- [WORK ITEM] Look below for the line with "seams, a waterproof"; begin the copy there and stop after the line with "Бренд Digma группы", keeping the text exact and the pictures out.

- [RECORDS TO PROCESS]
[Start of section]

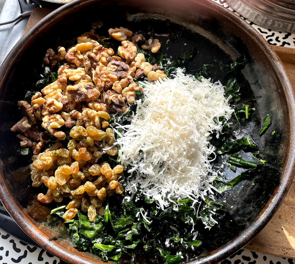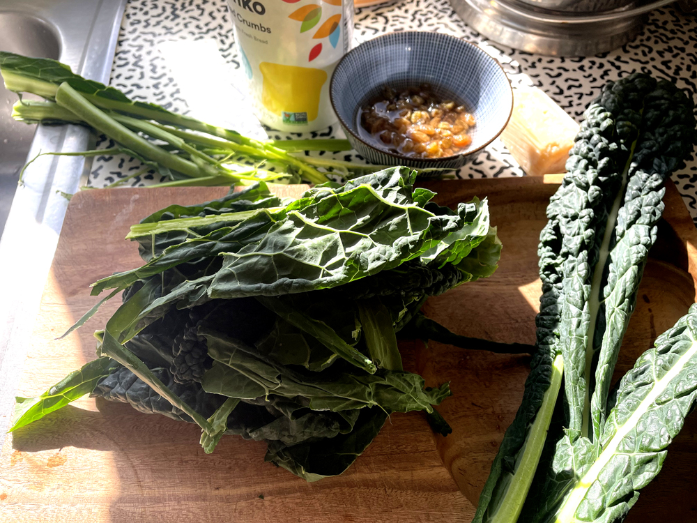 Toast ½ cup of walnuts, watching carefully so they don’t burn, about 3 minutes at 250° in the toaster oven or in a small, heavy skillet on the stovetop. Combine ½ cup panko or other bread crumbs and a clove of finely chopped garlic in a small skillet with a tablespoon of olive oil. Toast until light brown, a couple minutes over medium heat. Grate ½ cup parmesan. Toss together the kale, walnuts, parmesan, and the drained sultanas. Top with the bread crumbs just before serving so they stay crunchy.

[End of section]
[Start of section]

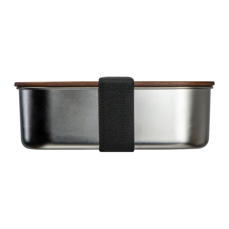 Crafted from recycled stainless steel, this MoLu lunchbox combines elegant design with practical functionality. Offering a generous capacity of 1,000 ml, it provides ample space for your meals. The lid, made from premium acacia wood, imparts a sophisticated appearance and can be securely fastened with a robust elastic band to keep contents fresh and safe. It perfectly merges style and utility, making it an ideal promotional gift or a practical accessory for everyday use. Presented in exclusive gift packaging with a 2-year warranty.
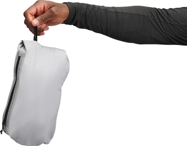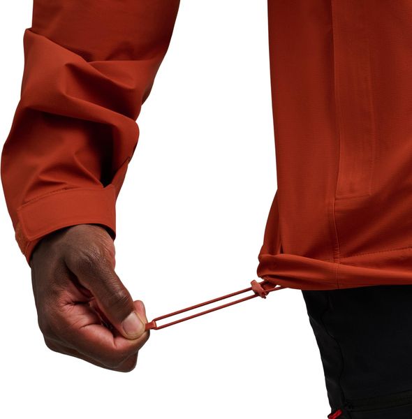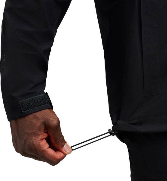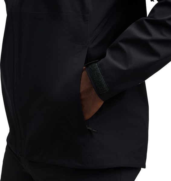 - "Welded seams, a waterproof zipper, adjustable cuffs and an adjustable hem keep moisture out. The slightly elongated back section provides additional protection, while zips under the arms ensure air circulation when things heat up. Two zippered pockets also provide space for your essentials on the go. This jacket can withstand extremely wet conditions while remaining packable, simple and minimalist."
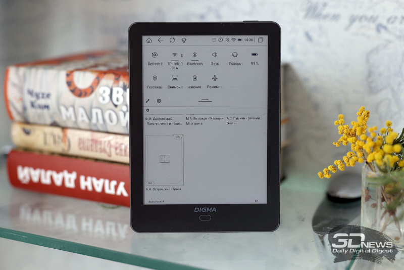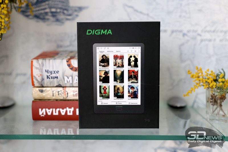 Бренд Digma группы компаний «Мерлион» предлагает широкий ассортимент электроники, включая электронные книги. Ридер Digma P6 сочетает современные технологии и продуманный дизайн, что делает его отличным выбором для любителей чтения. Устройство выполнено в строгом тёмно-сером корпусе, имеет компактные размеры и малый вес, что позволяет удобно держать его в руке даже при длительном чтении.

[End of section]
[Start of section]

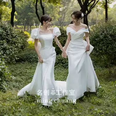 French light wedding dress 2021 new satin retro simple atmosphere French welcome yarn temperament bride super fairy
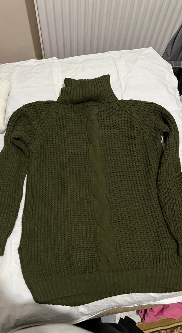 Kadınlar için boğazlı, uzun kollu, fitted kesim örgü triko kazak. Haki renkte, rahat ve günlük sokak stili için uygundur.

[End of section]

- [OUTPUT OF THE EXERCISE]
 - "Welded seams, a waterproof zipper, adjustable cuffs and an adjustable hem keep moisture out. The slightly elongated back section provides additional protection, while zips under the arms ensure air circulation when things heat up. Two zippered pockets also provide space for your essentials on the go. This jacket can withstand extremely wet conditions while remaining packable, simple and minimalist."
 Бренд Digma группы компаний «Мерлион» предлагает широкий ассортимент электроники, включая электронные книги. Ридер Digma P6 сочетает современные технологии и продуманный дизайн, что делает его отличным выбором для любителей чтения. Устройство выполнено в строгом тёмно-сером корпусе, имеет компактные размеры и малый вес, что позволяет удобно держать его в руке даже при длительном чтении.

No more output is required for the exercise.